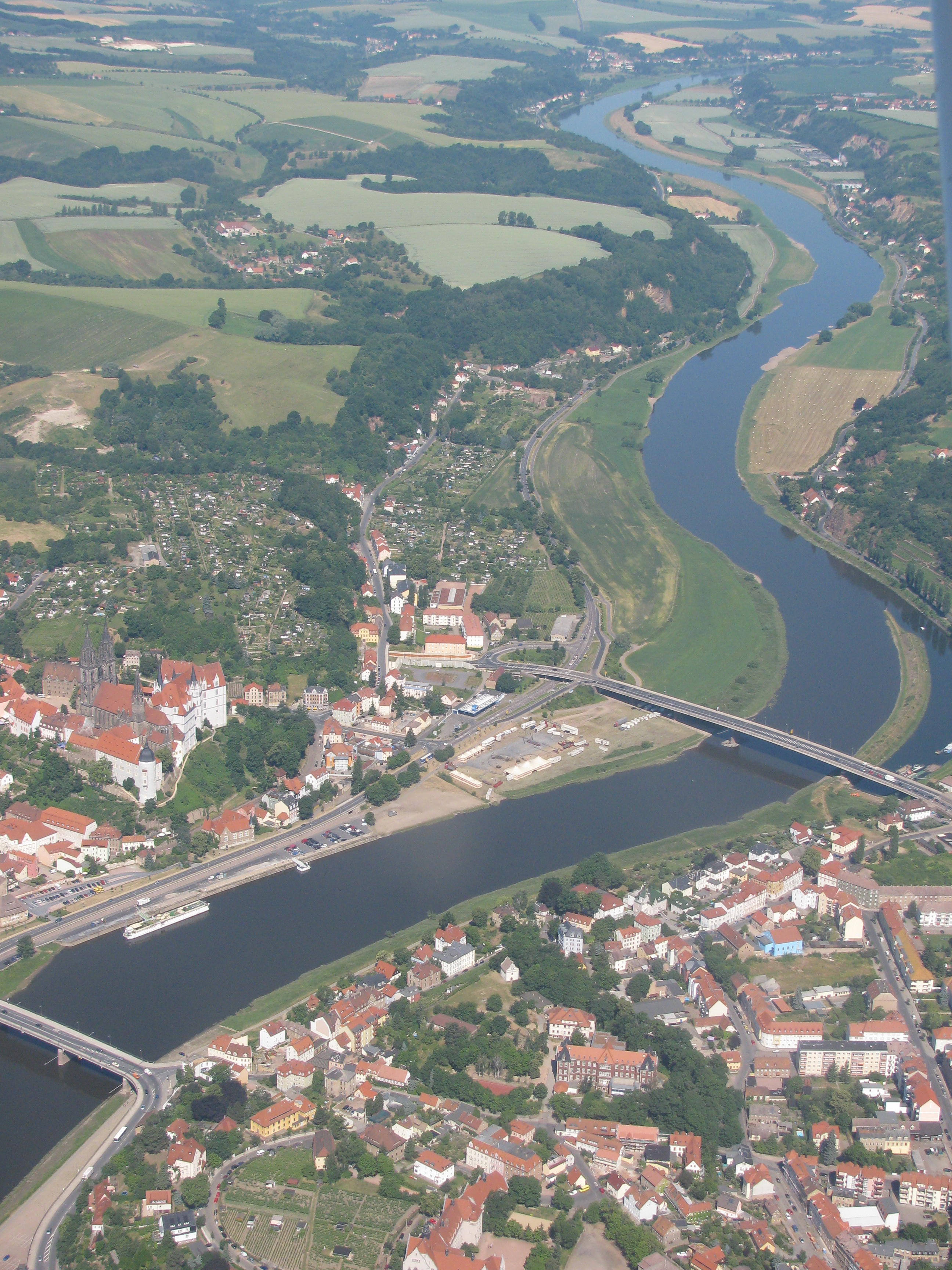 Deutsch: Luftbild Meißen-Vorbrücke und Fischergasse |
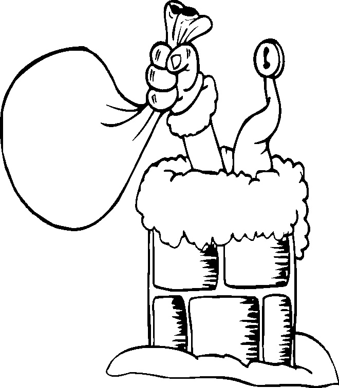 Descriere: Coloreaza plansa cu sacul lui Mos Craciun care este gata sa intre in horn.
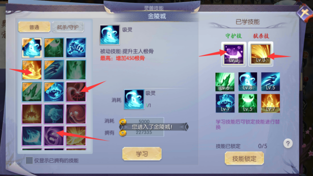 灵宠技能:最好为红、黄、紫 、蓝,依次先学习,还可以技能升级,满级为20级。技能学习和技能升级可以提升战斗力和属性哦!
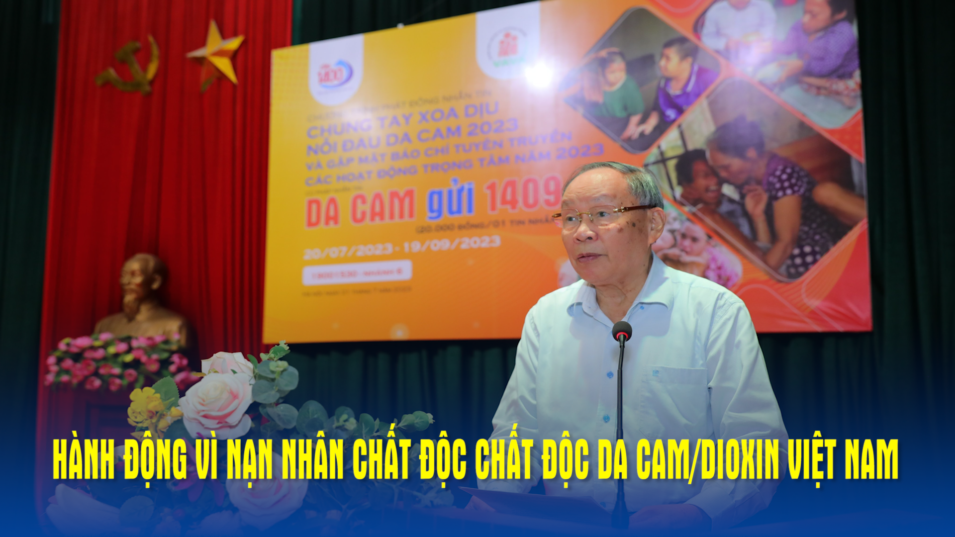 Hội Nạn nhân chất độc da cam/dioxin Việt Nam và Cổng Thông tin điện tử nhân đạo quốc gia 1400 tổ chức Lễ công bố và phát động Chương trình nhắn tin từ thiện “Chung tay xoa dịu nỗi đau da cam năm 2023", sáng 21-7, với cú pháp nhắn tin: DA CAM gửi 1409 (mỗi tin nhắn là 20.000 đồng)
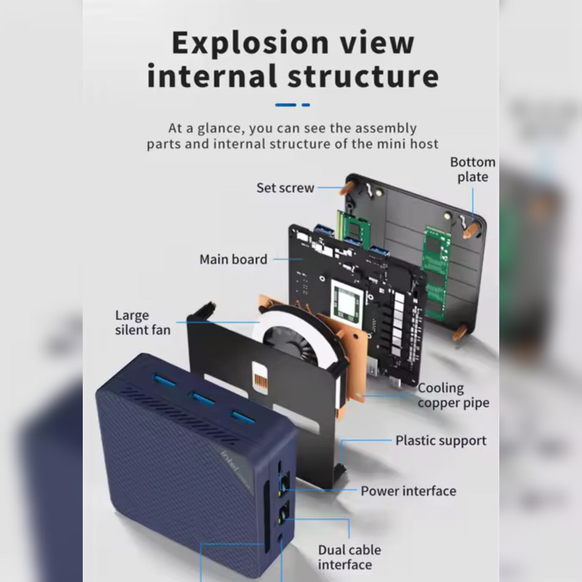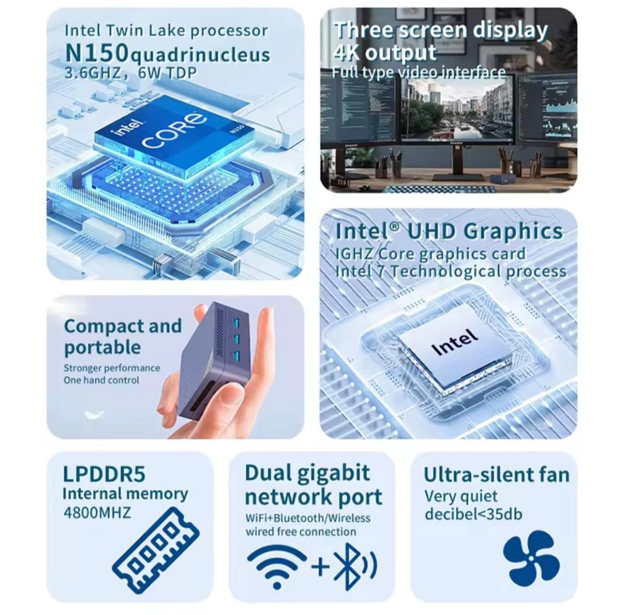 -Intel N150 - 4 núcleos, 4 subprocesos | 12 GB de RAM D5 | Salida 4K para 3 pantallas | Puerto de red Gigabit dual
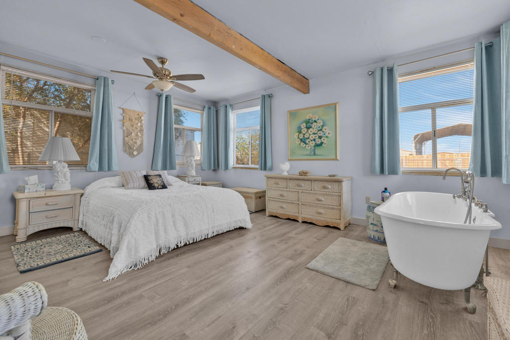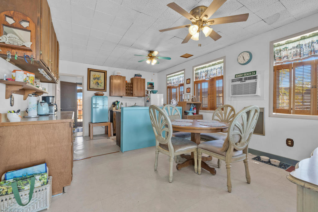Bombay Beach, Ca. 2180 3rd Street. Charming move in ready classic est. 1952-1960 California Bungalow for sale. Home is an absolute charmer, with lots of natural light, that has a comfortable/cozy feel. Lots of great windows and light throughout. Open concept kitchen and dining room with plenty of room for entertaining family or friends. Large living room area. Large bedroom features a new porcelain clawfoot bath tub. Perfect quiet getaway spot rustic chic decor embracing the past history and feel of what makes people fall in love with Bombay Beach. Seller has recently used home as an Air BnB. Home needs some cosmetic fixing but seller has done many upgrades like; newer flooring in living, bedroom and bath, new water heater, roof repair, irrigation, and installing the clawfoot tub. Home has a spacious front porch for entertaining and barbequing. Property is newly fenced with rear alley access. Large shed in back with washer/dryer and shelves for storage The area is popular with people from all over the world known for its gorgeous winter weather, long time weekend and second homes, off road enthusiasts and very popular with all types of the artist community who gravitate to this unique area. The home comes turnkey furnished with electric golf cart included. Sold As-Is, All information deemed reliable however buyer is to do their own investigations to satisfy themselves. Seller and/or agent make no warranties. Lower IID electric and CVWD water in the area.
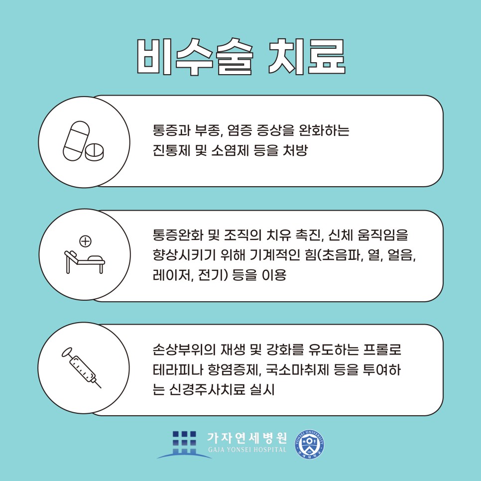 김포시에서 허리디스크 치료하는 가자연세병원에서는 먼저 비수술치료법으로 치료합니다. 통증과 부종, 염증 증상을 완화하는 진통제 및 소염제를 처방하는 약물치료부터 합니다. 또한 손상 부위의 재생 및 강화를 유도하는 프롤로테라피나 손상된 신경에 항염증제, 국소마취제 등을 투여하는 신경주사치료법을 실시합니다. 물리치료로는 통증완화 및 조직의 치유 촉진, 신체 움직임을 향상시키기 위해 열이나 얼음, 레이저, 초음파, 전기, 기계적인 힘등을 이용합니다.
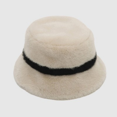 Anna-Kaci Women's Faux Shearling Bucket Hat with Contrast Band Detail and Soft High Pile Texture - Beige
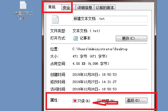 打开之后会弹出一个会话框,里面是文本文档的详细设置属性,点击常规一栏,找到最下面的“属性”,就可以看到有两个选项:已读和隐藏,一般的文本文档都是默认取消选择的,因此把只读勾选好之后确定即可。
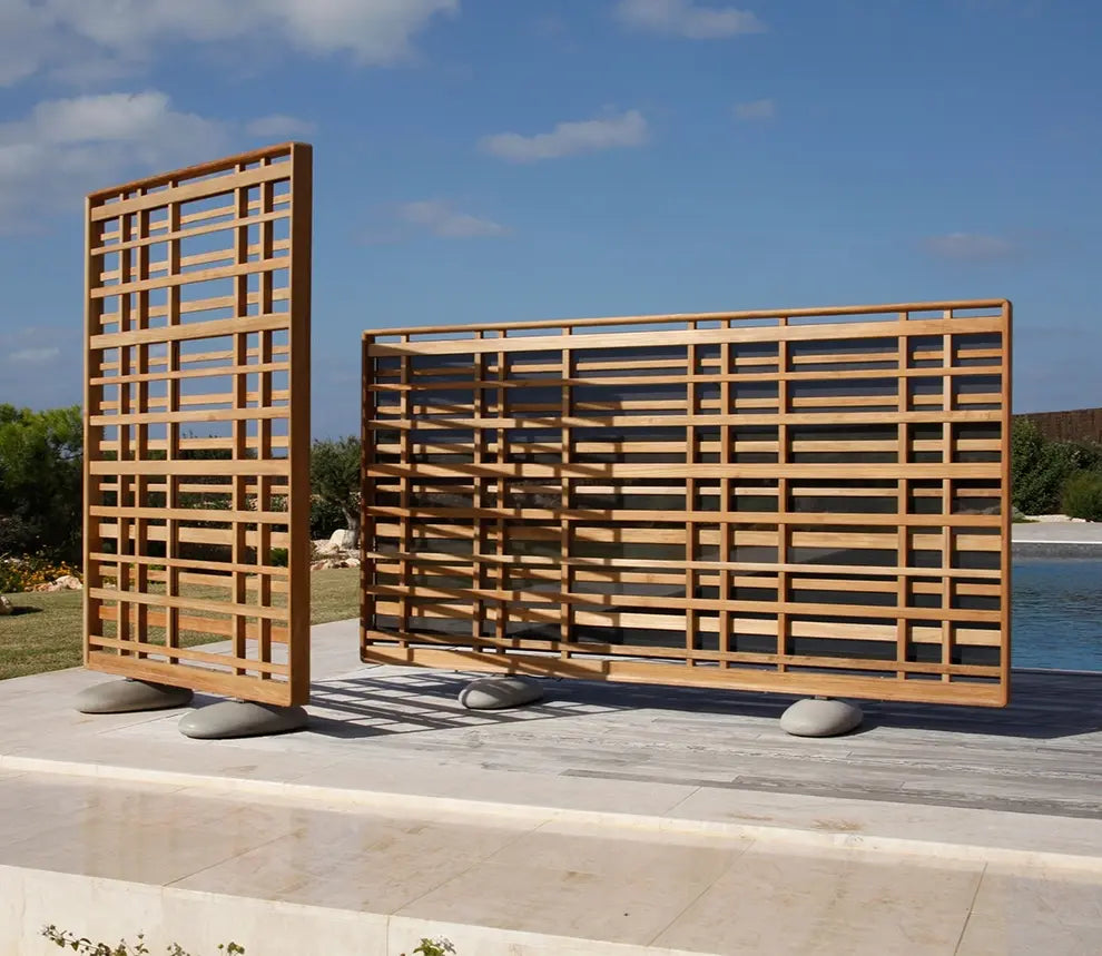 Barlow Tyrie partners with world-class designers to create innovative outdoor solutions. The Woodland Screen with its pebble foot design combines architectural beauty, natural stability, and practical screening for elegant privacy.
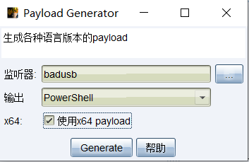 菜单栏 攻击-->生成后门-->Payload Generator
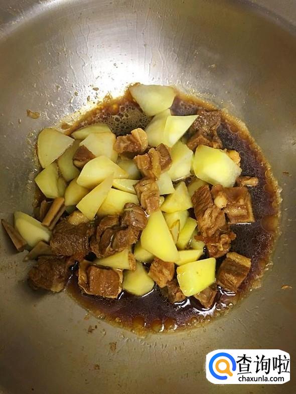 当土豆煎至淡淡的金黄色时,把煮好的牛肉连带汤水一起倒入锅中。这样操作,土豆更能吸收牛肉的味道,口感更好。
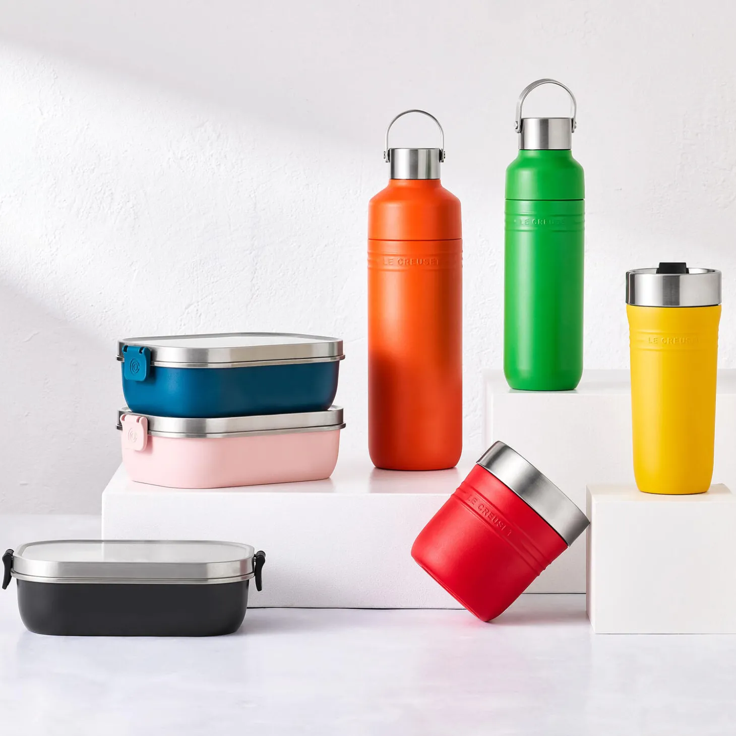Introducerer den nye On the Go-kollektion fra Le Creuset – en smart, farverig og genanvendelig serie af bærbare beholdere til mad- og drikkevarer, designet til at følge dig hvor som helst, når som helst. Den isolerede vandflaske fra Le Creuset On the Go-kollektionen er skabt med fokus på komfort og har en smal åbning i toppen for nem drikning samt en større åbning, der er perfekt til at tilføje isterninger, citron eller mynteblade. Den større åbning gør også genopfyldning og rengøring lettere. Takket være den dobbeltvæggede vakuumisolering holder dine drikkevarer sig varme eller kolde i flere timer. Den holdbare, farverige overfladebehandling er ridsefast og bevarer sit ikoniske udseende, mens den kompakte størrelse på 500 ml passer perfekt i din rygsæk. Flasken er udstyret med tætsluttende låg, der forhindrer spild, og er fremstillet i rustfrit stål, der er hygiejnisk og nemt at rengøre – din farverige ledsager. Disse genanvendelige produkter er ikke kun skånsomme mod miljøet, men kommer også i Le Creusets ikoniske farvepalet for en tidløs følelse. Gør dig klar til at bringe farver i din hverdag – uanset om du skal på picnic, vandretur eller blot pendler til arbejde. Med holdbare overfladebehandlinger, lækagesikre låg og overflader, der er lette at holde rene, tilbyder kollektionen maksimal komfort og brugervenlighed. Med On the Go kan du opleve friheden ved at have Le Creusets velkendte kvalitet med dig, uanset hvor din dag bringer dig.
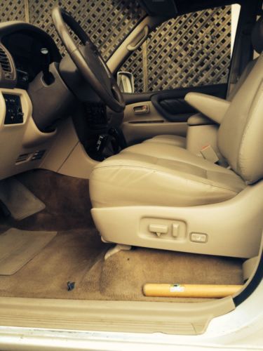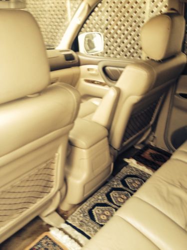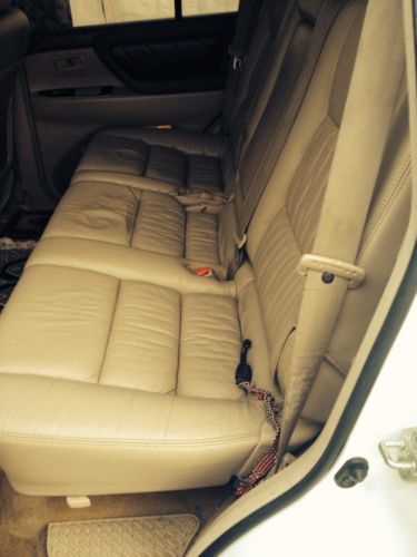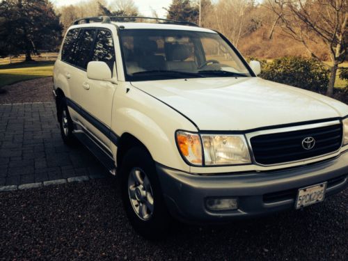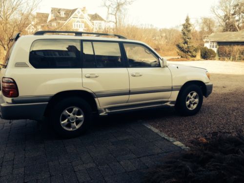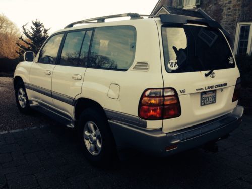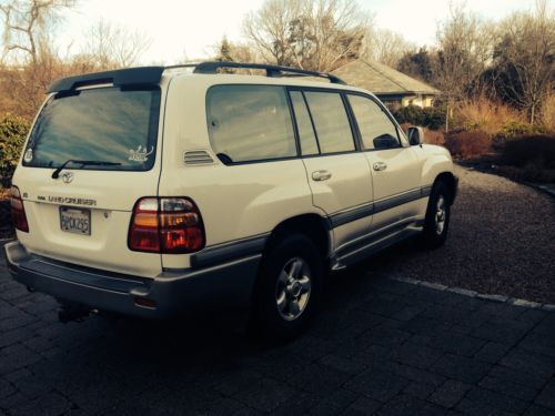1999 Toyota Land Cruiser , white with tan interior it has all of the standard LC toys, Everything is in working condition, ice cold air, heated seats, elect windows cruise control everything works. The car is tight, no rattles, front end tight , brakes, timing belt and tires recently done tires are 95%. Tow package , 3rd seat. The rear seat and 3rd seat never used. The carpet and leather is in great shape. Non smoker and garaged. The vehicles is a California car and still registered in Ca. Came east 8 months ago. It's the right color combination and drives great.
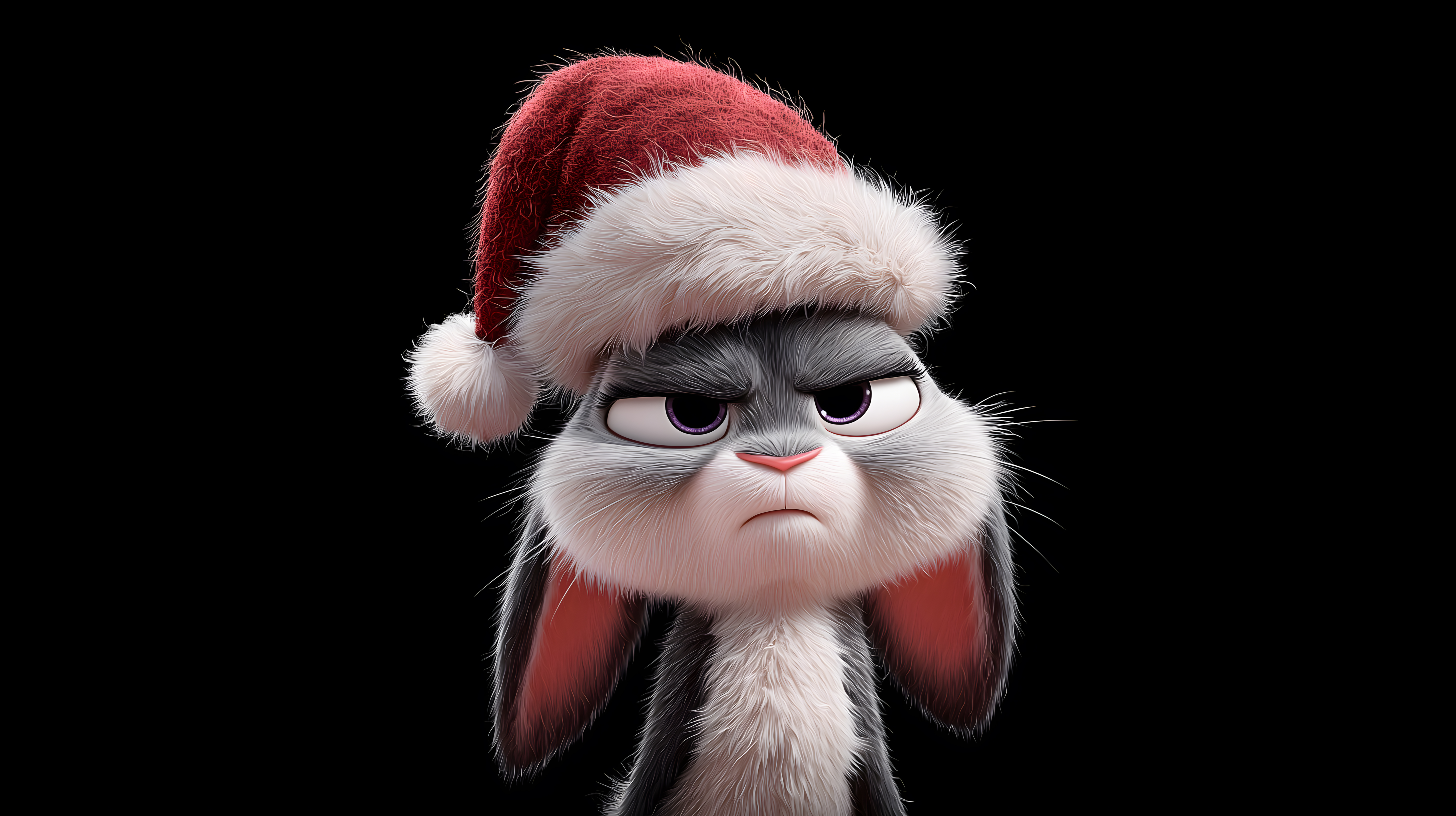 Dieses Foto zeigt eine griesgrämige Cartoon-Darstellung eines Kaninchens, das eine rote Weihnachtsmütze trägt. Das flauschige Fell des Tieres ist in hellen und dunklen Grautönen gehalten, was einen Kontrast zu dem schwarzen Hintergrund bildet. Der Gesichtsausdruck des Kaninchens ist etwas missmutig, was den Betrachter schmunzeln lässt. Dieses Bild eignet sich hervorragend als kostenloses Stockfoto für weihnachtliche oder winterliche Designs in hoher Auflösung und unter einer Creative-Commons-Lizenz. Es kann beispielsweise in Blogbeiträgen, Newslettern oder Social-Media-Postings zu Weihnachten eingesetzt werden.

[PROBLEM TO WORK ON]
Beginning with the line above that contains "灵宠技能:最好为红、黄、紫 、蓝,依次先" and ending with the line that contains "-Intel N150 - 4", quote each line exactly, keeping out the pictures.

[RESPONSE AREA]
 灵宠技能:最好为红、黄、紫 、蓝,依次先学习,还可以技能升级,满级为20级。技能学习和技能升级可以提升战斗力和属性哦!
 Hội Nạn nhân chất độc da cam/dioxin Việt Nam và Cổng Thông tin điện tử nhân đạo quốc gia 1400 tổ chức Lễ công bố và phát động Chương trình nhắn tin từ thiện “Chung tay xoa dịu nỗi đau da cam năm 2023", sáng 21-7, với cú pháp nhắn tin: DA CAM gửi 1409 (mỗi tin nhắn là 20.000 đồng)
 -Intel N150 - 4 núcleos, 4 subprocesos | 12 GB de RAM D5 | Salida 4K para 3 pantallas | Puerto de red Gigabit dual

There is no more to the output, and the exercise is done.